Sir Alexander Robertson (3 February 1908 – 5 September 1990) was a Scottish veterinarian and administrator.

Life
Robertson was born on 3 February 1908 in Aberdeen, the youngest and only surviving child of Barbara Minty Strath and Alexander Robertson, a chauffeur and gardener. He was educated at Mackie Academy in Stonehaven.
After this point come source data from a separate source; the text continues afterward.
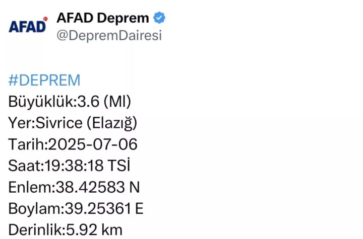 Elazığ'ın Sivrice ilçesi, 3.6 büyüklüğünde bir sarsıntıyla sarsıldı. Afet ve Acil Durum İdaresi Başkanlığı...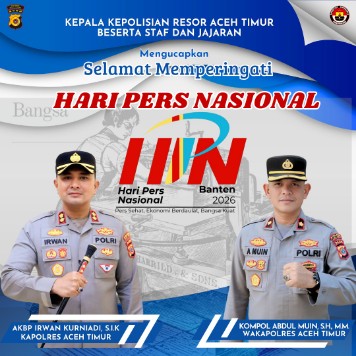 “Atas nama pimpinan dan seluruh anggota Polres Aceh Timur dan jajaran, saya mengucapkan Selamat Hari Pers Nasional 2026. Kami juga sangat mengharapkan masukan, kritik yang membangun, serta peran aktif insan pers dan tokoh masyarakat, agar Polri semakin mantap dalam meningkatkan kinerja dan pelayanan kepada masyarakat,” ujar AKBP Irwan Kurniadi, SIK, Senin  (09/02/2026).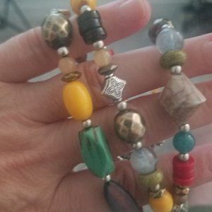 Nice accent piece for any wardrobe, for any occasion. Three (3) rows, multi-colored with multiple types of beads, faux stones, etc......... the clasp is a faux clasp, as the bracelet is stretch, so it will fit any wrist, any size, small or big.........have worn with jeans, work and evenings out....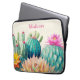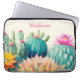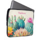 Cette belle pochette d'ordinateur portable avec une illustration de cactus et un succulent est le cadeau parfait pour une femme ou une fille qui aime ces merveilleux plantes. Ce design audacieux et magnifique attire certainement l'attention. Le nom sur la manche de l'ordinateur portable est personnalisable et ferait un grand cadeau personnalisé.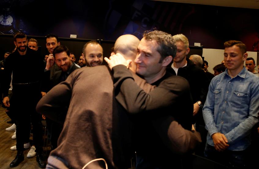 Полузащитник "Барселоны" Андрес Иньеста опубликовал фотографии с церемонии прощания с Хавьером Масчерано, который перейдет в "Хэбэй Чайна Форчун".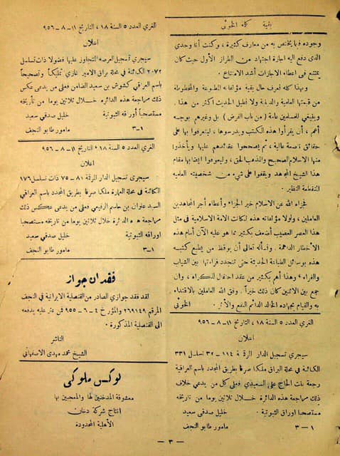 مقابلة الإمام السيد أبو القاسم الخوئي (قدس) في جريدة الغري عن أستاذه العلامة الشيخ محمد جواد البلاغي رحمه الله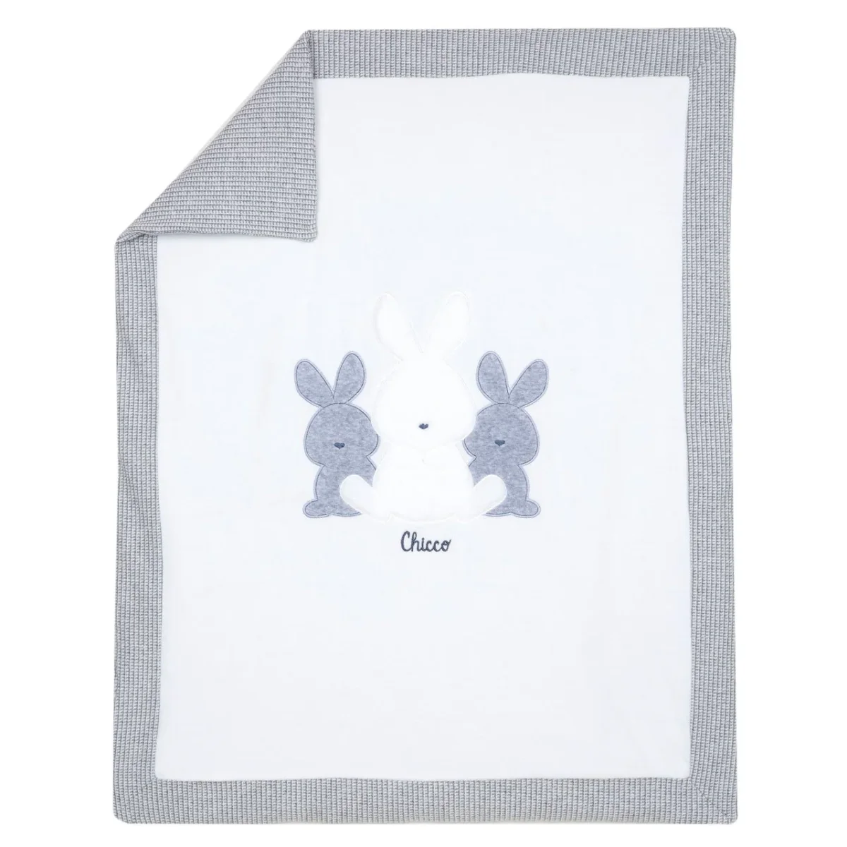 Coperta CHICCO per neonato in ciniglia , grafica con applicazioni e ricami , retro in interlock tinto filo . Dimensione cm 80×64 .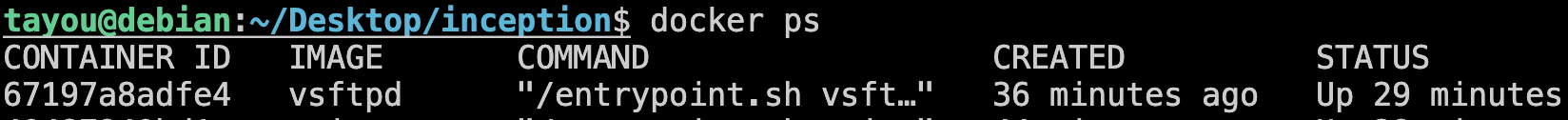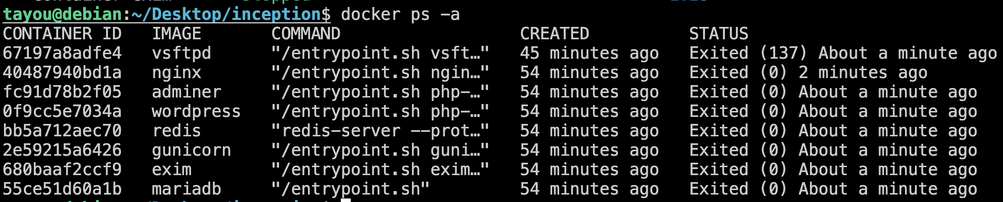 잉?? 그림에서 볼 수 있듯 vsftpd 컨테이너만 한참을 서성이다. 10초가 지난 후에 종료가 되었다. 이상하게 느껴져 docker ps -a명령어로 컨테이너의 종료상태를 확인해보았다.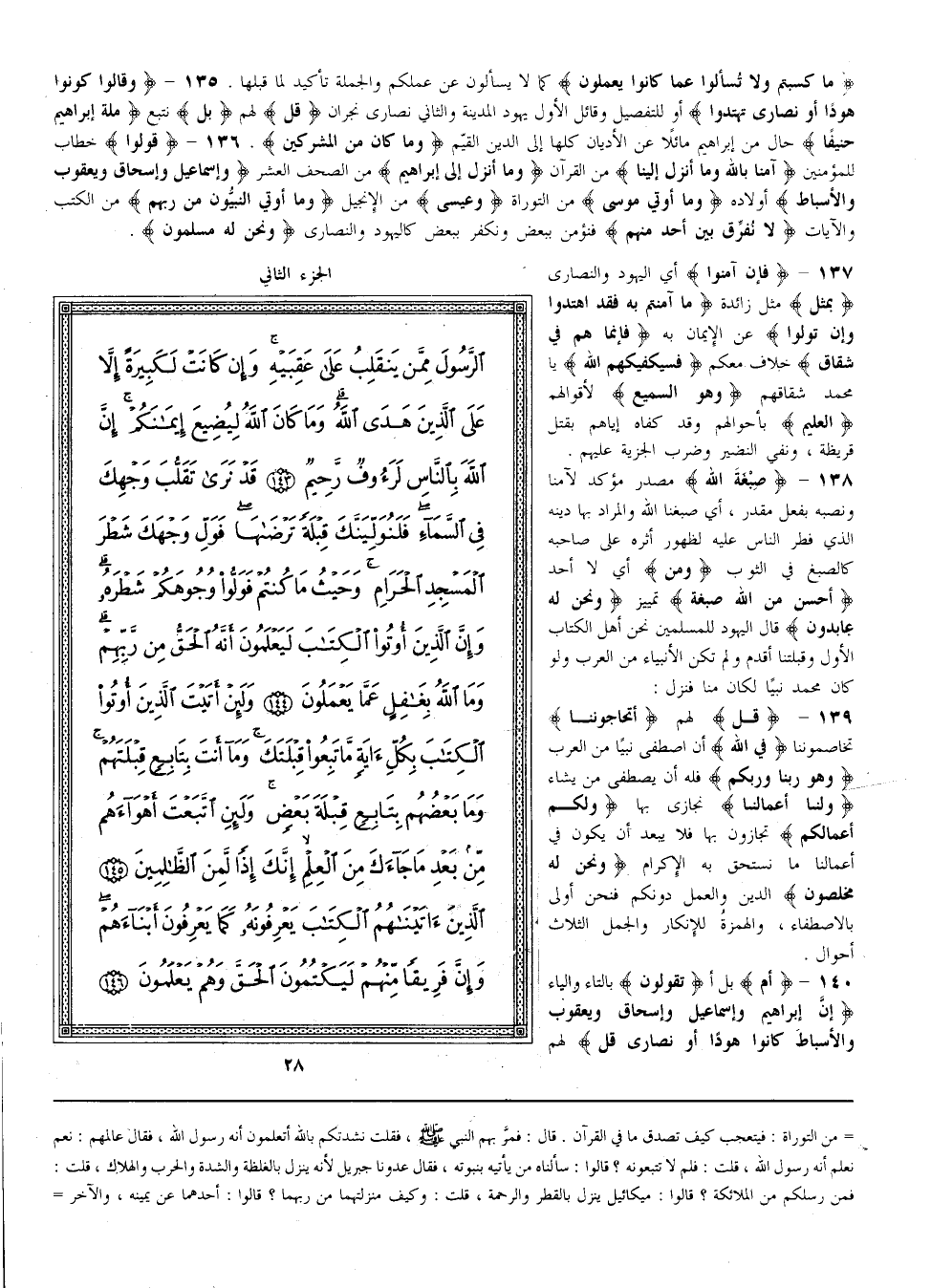 {صِبْغَة اللَّه} مَصْدَر مُؤَكِّد لِآمَنَّا وَنَصْبُهُ بِفِعْلٍ مُقَدَّر أَيْ صَبَغَنَا اللَّه وَالْمُرَاد بِهَا دِينه الَّذِي فَطَرَ النَّاس عَلَيْهِ لِظُهُورِ أَثَره عَلَى صَاحِبه كَالصَّبْغِ فِي الثَّوْب {وَمَنْ} أَيْ لَا أَحَد {أَحْسَن مِنْ اللَّه صِبْغَة} تَمْيِيز {وَنَحْنُ لَهُ عَابِدُونَ} قَالَ الْيَهُود لِلْمُسْلِمِينَ نَحْنُ أَهْل الْكِتَاب الْأَوَّل وَقِبْلَتنَا أَقْدَم وَلَمْ تَكُنْ الْأَنْبِيَاء مِنْ الْعَرَب وَلَوْ كَانَ مُحَمَّد نَبِيًّا لَكَانَ منا فنزل

He studied veterinary science at the University of Aberdeen, graduating with an MA in 1929 and a BSc in 1930. In 1937, he joined the staff of the Dick Vet Colletge in Edinburgh, as a lecturer in animal physiology, obtaining a doctorate (PhD) from the University of Edinburgh in 1940. From that year he was Professor of Animal Husbandry at the Dick Vet.

In 1946, he was elected a Fellow of the Royal Society of Edinburgh. His proposers were Alan William Greenwood, James Ebenezer Wilson, John Russell Greig and Donald Capell Matheson. He served as Vice President of the Society from 1969 to 1972.

In 1951, he became Professor of Animal Health at the University of Edinburgh.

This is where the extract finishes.